Problem description
Repeat exactly, and nothing more, the lines from the one that includes "COVID-19 positive –" through the final line of the entries; skip the pictures.

[Dataset excerpts]

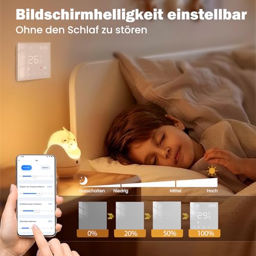 - Ja, die Helligkeit des Thermostatbildschirms kann prozentual eingestellt oder ganz ausgeschaltet werden.
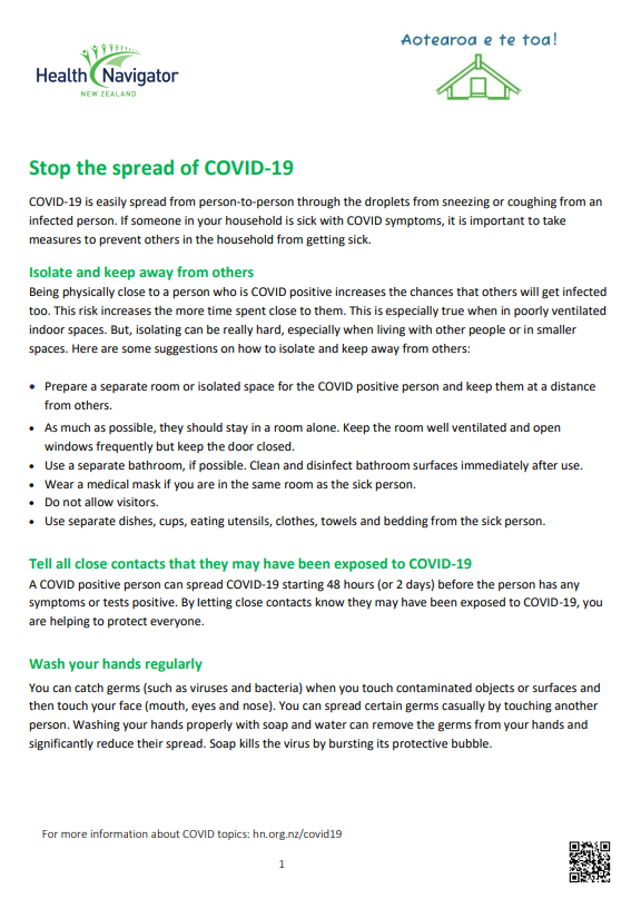 COVID-19 positive – stop the spread [PDF, 193 KB] Healthify He Puna Waiora, NZ, 2021
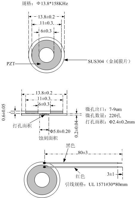 - 產品描述:霧化片規格應用此規格超聲波霧化片主要應用在微量霧化設備中。2.型號LUO-13.8mm158-E3.規格說明3.1外形圖見圖紙最后一頁No.LUO-13.8mm158-E3.2電氣參數3.2.1諧振頻率(fr)fr=158kHz5kHz3.2.2諧振阻抗(Ro)Ro=max.1803.2...
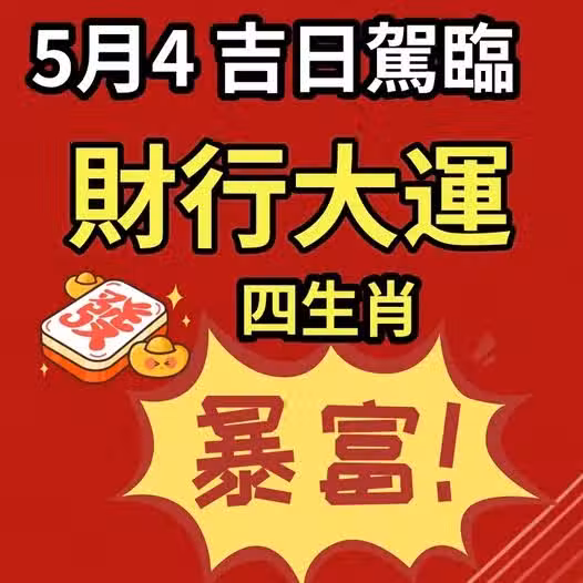 5月4吉日駕臨,財行大運,好運連連,趕快把財富金袋抱回家!
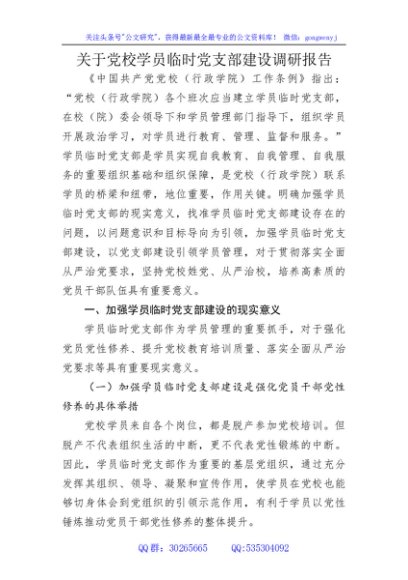 / 党校学员临时党支部建设调研报告
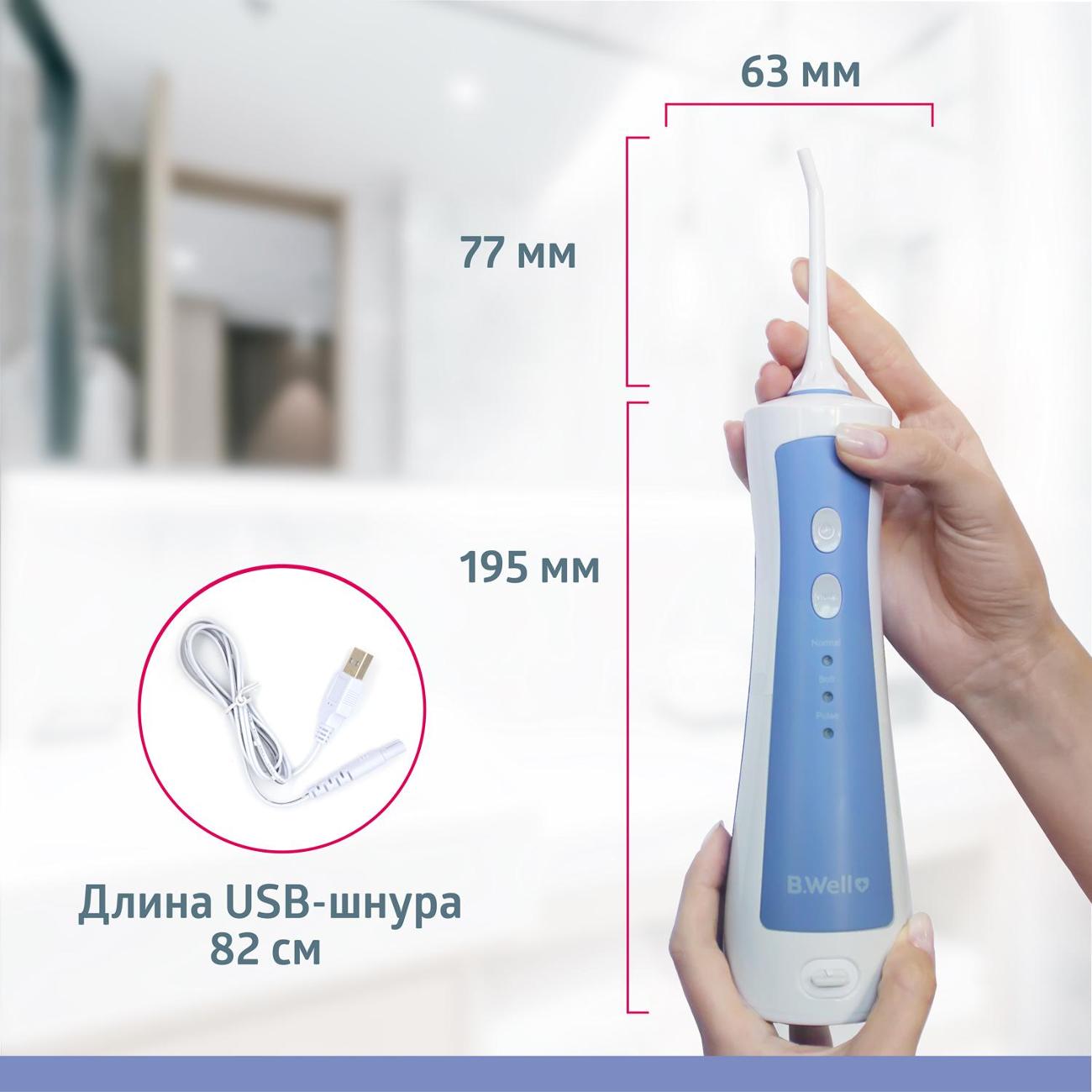 Водоустойчивый корпус позволяет промывать ирригатор под проточной водой. Прорезиненная ручка обеспечивает надежный хват и не выскальзывает из ладони. Источником питания выступает встроенная аккумуляторная батарея. Полного заряда хватает на 70 минут. Восполнение энергозатрат осуществляется через USB-порт. Размеры модели — 7,5х21х8,5 см, вес — 0,389 кг.
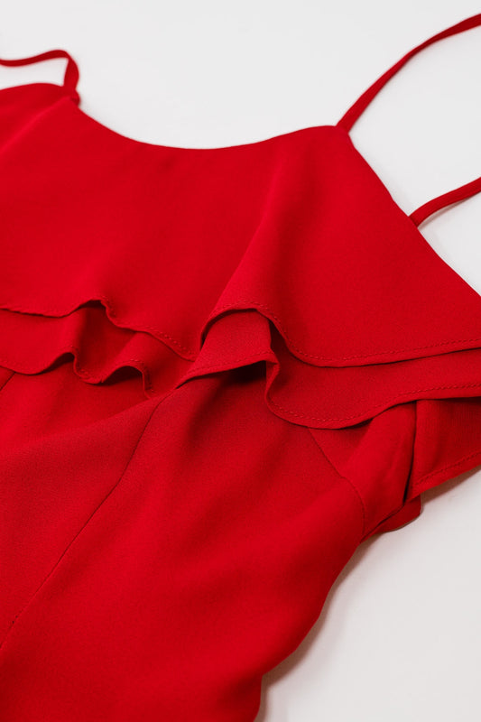 Robe longue à bretelles volantées en tissu tencel bleu clair

Answer to this problem
 COVID-19 positive – stop the spread [PDF, 193 KB] Healthify He Puna Waiora, NZ, 2021
 - 產品描述:霧化片規格應用此規格超聲波霧化片主要應用在微量霧化設備中。2.型號LUO-13.8mm158-E3.規格說明3.1外形圖見圖紙最后一頁No.LUO-13.8mm158-E3.2電氣參數3.2.1諧振頻率(fr)fr=158kHz5kHz3.2.2諧振阻抗(Ro)Ro=max.1803.2...
 5月4吉日駕臨,財行大運,好運連連,趕快把財富金袋抱回家!
 / 党校学员临时党支部建设调研报告
 Водоустойчивый корпус позволяет промывать ирригатор под проточной водой. Прорезиненная ручка обеспечивает надежный хват и не выскальзывает из ладони. Источником питания выступает встроенная аккумуляторная батарея. Полного заряда хватает на 70 минут. Восполнение энергозатрат осуществляется через USB-порт. Размеры модели — 7,5х21х8,5 см, вес — 0,389 кг.
 Robe longue à bretelles volantées en tissu tencel bleu clair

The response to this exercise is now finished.